Pour la première fois, la carte recueille toute l’œuvre des dernières années et tend à adopter une dimension humaine, faite de propositions plus rupturistes. Les petites tomates farcies de jus de basilic, dont certaines ont été légèrement fumées, nageant dans un consommé de câpres, sont réellement épatantes, exquises. Les aubergines sont omniprésentes, que ce soit sous forme de filaments rôtis au réglisse sur yaourt d’huile d’oliviers millénaires ou de racine charnue braisée servie avec une tartine de pain de campagne imbibée de fond marin et de vin rouge. Autre recette que vous trouverez également dans la section des Grands Plats de ce site : les incommensurables petits pois nains tièdes accompagnés de jaune d’œuf à l’oignon vanillé. Ou encore les pâtes casarecce, imprégnées d’un jus gélatineux d’oursins, d’eucalyptus et de piment ; une manière révolutionnaire de concevoir les pâtes : des pâtes qui goûtent vraiment les pâtes, la sauce condensée restant en dehors. Un cinquième plat qui fait aussi partie des Grands Plats est le pavé de morue rôti sous la flamme servi avec une soupe rustique de pain sopako avec des nuances acides et piquantes. Et un sixième plat qui n’y figure pas en raison d’une erreur de notre part, car il s’agit du premier chef-d’œuvre de l’artiste, bien que légèrement revu et corrigé : le foie gras grillé assorti de carotte et de bâton de réglisse; un des meilleurs foies gras du monde.

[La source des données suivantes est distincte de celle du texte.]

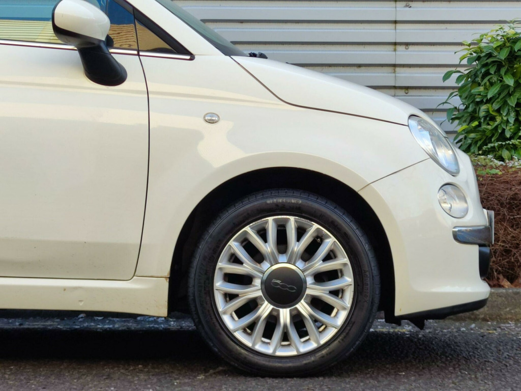 This 2012 Fiat 500 Lounge is presented with a full service history and a fresh 12 months MOT, offering excellent peace of mind. This particular model boasts a 1.2L petrol engine and has covered a modest 58,000 miles, making it a low mileage example for its age. The Lounge trim level comes with a range of attractive features, including stylish 16 inch alloy wheels, dark tinted rear windows for added privacy, and a selection of unique city stickers, hands stickers, and flowers stickers that give this Fiat 500 a distinctive personality.You will appreciate the impressive fuel economy of this Fiat 500, achieving an outstanding 59 miles per gallon, which is a significant advantage over many other vehicles. Furthermore, its low CO2 emissions and low insurance group rating mean that running costs are kept to a minimum, making it an economical choice for everyday driving. These highlights demonstrate how this Fiat 500 Lounge offers a more cost effective and efficient motoring experience compared to similar cars on the market.. 15in Alloy Wheels, ABS - Anti-Lock Braking System, Air Conditioning, Airbags - Driver, Airbags - Front Side, Airbags - Passenger, Black ambience, Blue&Me - Hands Free System with USB Port, Body colour door mirrors, Chrome Kit, Drivers Knee Airbag, EBD - Electronic Brakeforce Distribution, Electric Front Windows, Electrically Adjustable Heated Door Mirrors, Fixed Glass Roof with Sunblind, Fixed Glass Sunroof with sunblind, ISOFIX Child Seat Attachments, Ivory ambience, Lounge Interior Trim, Power Steering - Dualdrive Electric, Radio-CD and MP3 Player, Remote Central Locking, Space Saver Spare Wheel, Split Folding 50:50 Rear Seat, Steering Wheel - Height Adjustment, Steering Wheel - Leather with Audio Controls, Window Airbags, Blue&Me - Predisposition for TomTom, Hi- Fi System with 100W subwoofer, Hi-Fi Sound System with Subwoofer, Front FogLights, Fog Lights, 15in Alloy Wheels - Sport, 16in Alloy Wheels, Ball stickers, Barcode stripe- Black, Barcode stripe- White, Body colour side rubbing strips with 500 logo, Body colour side rubbing strips with space for badge, 15in Sports Alloy Wheels, Body Coloured Side Rubbing Strips with Space for Badge, Body Coloured Side Rubbing Strips with 500 Logo, Butterfly stickers, Chrome door mirror housings, Chrome line on bonnet, Dark Tinted Rear Windows, City stickers, Door Mirrors - Chrome Finish, Electric SkyDome opening Sunroof, Electric Sunroof, Flowers stickers, Hands stickers, Italian flag stripe with 500 on roof, Humanoid stickers, Side stripe- Italy, Side stripe- Red, Side stripe- White, Stickers - Butterfly, Stickers - City, Stickers - Flowers, Side stripe- Black, Stickers - Hands, Stickers - Humanoids, Stickers - Number 5, Stickers - Zipper, Stripe - All Designs, Zip stickers, 500 Stripe- Black, 500 Stripe- Red, 500 Stripe- White, Auto Climate Control, Cloth - Black, Climate Control - Automatic Dual Zone, Cloth - Blue/Ivory, Cloth - Grey/Black, Cloth - Black/Ivory, Cloth - Grey/Ivory, Cloth- Lounge, Cloth- Lounge- Black & Ivory with Black ambience, Cloth- Lounge- Blue & Ivory, Cloth- Pop- Dark Grey with Black ambience, Cloth- Pop- Dark Grey with Ivory ambience, Cloth- Pop- Red with Black ambience, Electrochromatic Rear View Mirror, Cloth- Pop- Red with Ivory ambience, Front Passenger Seat Memory, Cloth- Pop- Blue, Leather Gear Knob, Leather Interior - Black, Cloth- Pop, Leather Interior - Ivory/Vintage, Leather Interior - Red/Black, Leather- Black, Leather- Leather, Leather- Red, Leather- Vintage, Number 5- Black, Number 5- White, Number 5- Red, Pop Interior Trim, Seats - Passengers Memory Function, Steering Wheel - Paddles, Cloth- Lounge- Black & Ivory with Ivory ambience. Full service history

Josean Martínez Alija nous a promis de faire défiler d’autres mets 10/10, selon les saisons, comme le foie gras végétal (avocat); les endives rouges et blanches, crues, cuites à basse température et confites avec un assaisonnement aux noix et aux agrumes ; ainsi que les anchois proposés avec des feuilles de poivrons et des algues de terre, entre autres délices.
Dernières propositions très cohérentes avec la philosophie du chef : l’infusion de parmesan de 30 mois figée avec un voile de truffe noire, pain croquant et sisho vert revient à raffiner et à alléger une crème froide de fromage truffé avec une grande lucidité. Les petits artichauts cuits avec de l’estragon servis assortis de leurs pétales croustillants et de quelques fibres de porc ibérique n’ont rien à voir avec les artichauts au jambon, même si elles pourraient sembler s’en inspirer de loin ; une autre démonstration de netteté et de surprise. Les joues de colin, d’une qualité et d’un point de cuisson colossaux, sont magnifiées à l’aide d’une infusion de persil qui surpasse largement la sauce verte et de lamelles de navets très discrètes. Les étrilles sur pain imbibé de leur jus constituent un autre exemple de possibilisme, un moyen de rapprocher la haute cuisine des citoyens en général, comme c’est la cas avec l’entrecôte de vache grillée avec poire laquée au soja, extrêmement honorable et traitée selon une technique divine.
Et que dire des desserts, toujours rutilants et étincelants, comme les fraises proposées avec de la caséine battue, une tuile de violettes et de la glace à la noix de coco.
Inutile de dire que le Musée subventionne le festin, car pour 70€, il est impossible de trouver un menu de dégustation supérieur. L’excellente note aura besoin d’autres plats.